Kiedy człowiek wraca do pisania po niemal rocznej przerwie, towarzyszą mu zardzewiała wena i zakurzone inspiracje. Nie da się ich ominąć, nie zauważyć, ponieważ stoją tuż obok i domagają się uwagi, czyt. domagają się odstąpienia od pomysłu dalszego pisania. Niemal słyszę zgrzyt moich zardzewiałych paluchów uderzających w klawisze, czuję też suchy posmak unoszącego się w powietrzu kurzu. Poczekajcie, pójdę po smar do naoliwienia dłoni i odsłonię ciężkie kotary, które zatrzymują chmury kurzu nad moją motywacją.
***
Już jestem z powrotem. Ależ ulga, ależ lekkość. Wystarczyło wziąć się w garść by poczuć natychmiastową poprawę! Zardzewiała wena naoliwiona, a inspiracje błyszczą odkurzone. Zatem do roboty! Po roku przerwy mamy sporo tematów do nadrobienia.
***
Pogadajmy o akceptacji.
Czy można zaakceptować to co obecnie dzieje się na świecie?
Covid przewrócił do góry nogami dotychczasowe życie znane jako „normalne”. Społeczeństwo w ostatnim roku bardzo za tą normalnością się stęskniło. Bo jakże można nie tęsknić za zatłoczonymi miastami, korkami na ulicach, przepełnioną komunikacją miejską i ciągłym pośpiechem za iluzją, że taki styl życia ma jakiś sens i że prowadzi nas tymi zatłoczonymi ulicami do wyimaginowanego spełnienia?!

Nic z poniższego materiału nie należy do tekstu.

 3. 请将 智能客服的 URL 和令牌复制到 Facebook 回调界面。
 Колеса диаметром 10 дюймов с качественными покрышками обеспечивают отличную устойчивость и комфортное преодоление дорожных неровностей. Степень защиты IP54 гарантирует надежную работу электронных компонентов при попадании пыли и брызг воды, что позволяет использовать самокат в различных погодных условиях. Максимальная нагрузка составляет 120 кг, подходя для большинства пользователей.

Wiem, wiem, są też wyjazdy zagraniczne, koncerty, pozamykane kina i teatry, za którymi sama tęsknie i oczekuję poprawy sytuacji w tychże dziedzinach.

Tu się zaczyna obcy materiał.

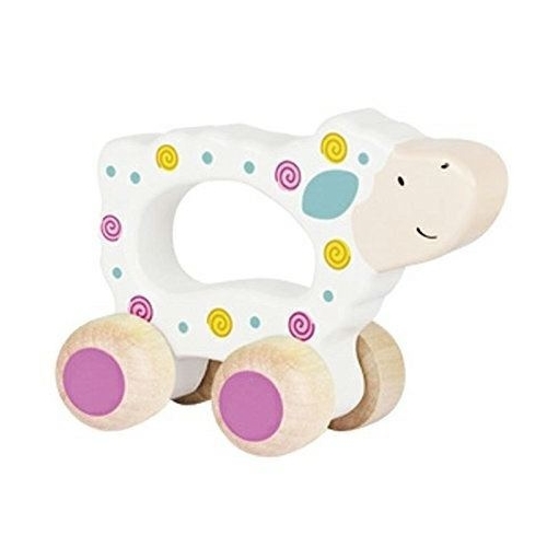 Goki houten schaap op wielen. Makkelijk vast te pakken door de kleinste kinderhandjes. Afmeting: 13 x 6 x 8 cm.

Ludzkie trwogi i rozterki, pojawiają się najczęściej na skutek braku akceptacji chwili obecnej. Jedna noga jest w przyszłości, druga w przeszłości, a reszta jestestwa zastanawia się skąd to uczucie rozdarcia?!
Jako gatunek ludzki mamy tę dziwną tendencję do powielania w myślach tego co już się wydarzyło, lub skupiania się na tym, co wydarzy się w przyszłości. Tym samym pozbawiamy siebie jedynego faktycznego stanu, w którym istniejemy – teraźniejszości. Wszystko co posiadamy to teraźniejszość. Tylko tu i teraz ma moc sprawczą, wszystko inne jest wczorajszą mrzonką lub niepewnym jutrem.
Samo pojęcie akceptacji nie oznacza poddania się i zlekceważenia wszystkiego co dzieje się dookoła. Wręcz przeciwnie, oznacza produktywne poddanie się rytmowi życia i czepianie z jego źródła w kulminacyjnym momencie – w teraźniejszości!
Czy zatem można zaakceptować to co obecnie dzieje się na świecie? Jasne! No chyba, że wybiera się walkę z ewolucją. Wtedy akceptacja jest zastąpiona mentalną trwogą i walką z niewidzialnym patogenem, który zawsze wygrywa w kontekście naszej kosmicznej egzystencji.
Za wszelkie pozostałości rdzy, z góry przepraszam : )
Introweska
Nie ma zgody i akceptacji tego, co obecnie ma miejsce, szczególnie w naszym kraju.
PolubieniePolubione przez 1 osoba
Fajnie, że jesteś!
PolubieniePolubione przez 1 osoba
Dziękuję! Wzajemnie 🙂
PolubieniePolubienie
Hej, jakiś czas temu spodobał ci się mój dawny blog pt. fotografianietypowa . Jeśli wciąż lubisz jak piszę, chcę zaprosić ciebie na swojego Instagrama @znanapolskaakwarelistka 🙂
https://www.instagram.com/znanapolskaakwarelistka/
PolubieniePolubienie
Nawet bez „formalnej przerwy” od pisania z weną i inspiracją (czasami, a może nawet częściej niż czasami) trudno dojść do porozumienia… mamy rozpalający nasze procesy myślowe pomysł, temat, a mimo to trudno w słowa ubrać to co kłębi się w naszej głowie…
PolubieniePolubienie
Ha! zobacz, ja też wróciłem po dłuższej przerwie.. Powodzenia i wytrwałości!